- WORK INSTRUCTION
Every line from the one containing "Уровень эпидемиологической надежности" to the one containing "On December 8, 2022, the" in the records below, both included, must be set down exactly, and no other line.

- STUDY MATERIAL
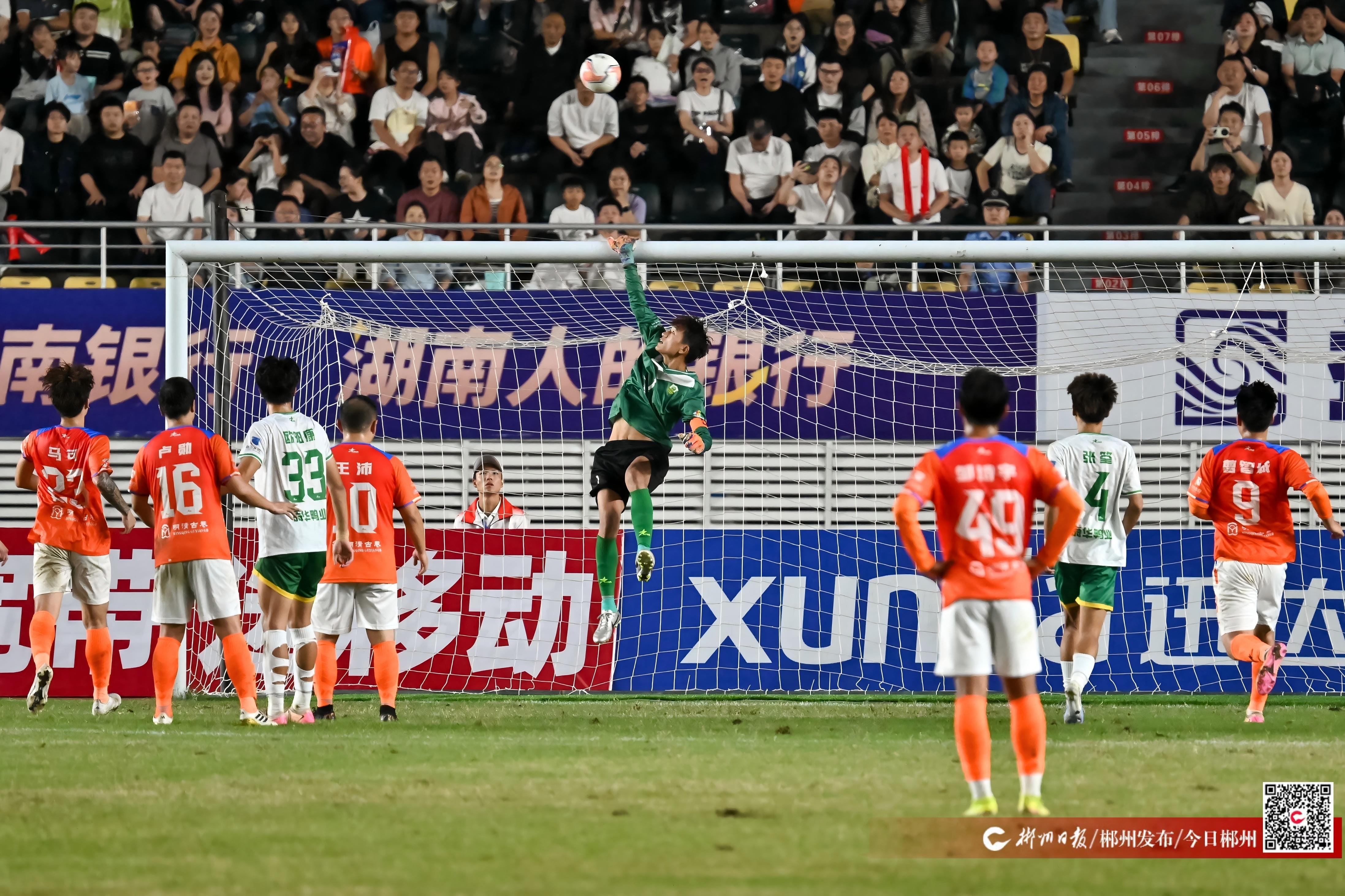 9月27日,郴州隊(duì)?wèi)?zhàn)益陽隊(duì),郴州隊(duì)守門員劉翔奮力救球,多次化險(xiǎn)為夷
* * *
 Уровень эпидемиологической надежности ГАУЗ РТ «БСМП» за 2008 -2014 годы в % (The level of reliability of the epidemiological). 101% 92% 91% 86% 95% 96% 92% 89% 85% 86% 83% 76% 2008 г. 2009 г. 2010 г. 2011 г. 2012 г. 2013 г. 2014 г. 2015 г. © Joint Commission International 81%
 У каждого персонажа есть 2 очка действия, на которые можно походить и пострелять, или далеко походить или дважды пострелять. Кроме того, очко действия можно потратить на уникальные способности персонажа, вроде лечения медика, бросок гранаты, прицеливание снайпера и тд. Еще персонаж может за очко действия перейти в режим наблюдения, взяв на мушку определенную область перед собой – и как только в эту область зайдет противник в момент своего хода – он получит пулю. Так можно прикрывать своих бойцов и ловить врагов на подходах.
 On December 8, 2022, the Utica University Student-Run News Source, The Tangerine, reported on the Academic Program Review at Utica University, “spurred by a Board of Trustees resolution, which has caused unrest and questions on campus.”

- ANSWER BOX
 Уровень эпидемиологической надежности ГАУЗ РТ «БСМП» за 2008 -2014 годы в % (The level of reliability of the epidemiological). 101% 92% 91% 86% 95% 96% 92% 89% 85% 86% 83% 76% 2008 г. 2009 г. 2010 г. 2011 г. 2012 г. 2013 г. 2014 г. 2015 г. © Joint Commission International 81%
 У каждого персонажа есть 2 очка действия, на которые можно походить и пострелять, или далеко походить или дважды пострелять. Кроме того, очко действия можно потратить на уникальные способности персонажа, вроде лечения медика, бросок гранаты, прицеливание снайпера и тд. Еще персонаж может за очко действия перейти в режим наблюдения, взяв на мушку определенную область перед собой – и как только в эту область зайдет противник в момент своего хода – он получит пулю. Так можно прикрывать своих бойцов и ловить врагов на подходах.
 On December 8, 2022, the Utica University Student-Run News Source, The Tangerine, reported on the Academic Program Review at Utica University, “spurred by a Board of Trustees resolution, which has caused unrest and questions on campus.”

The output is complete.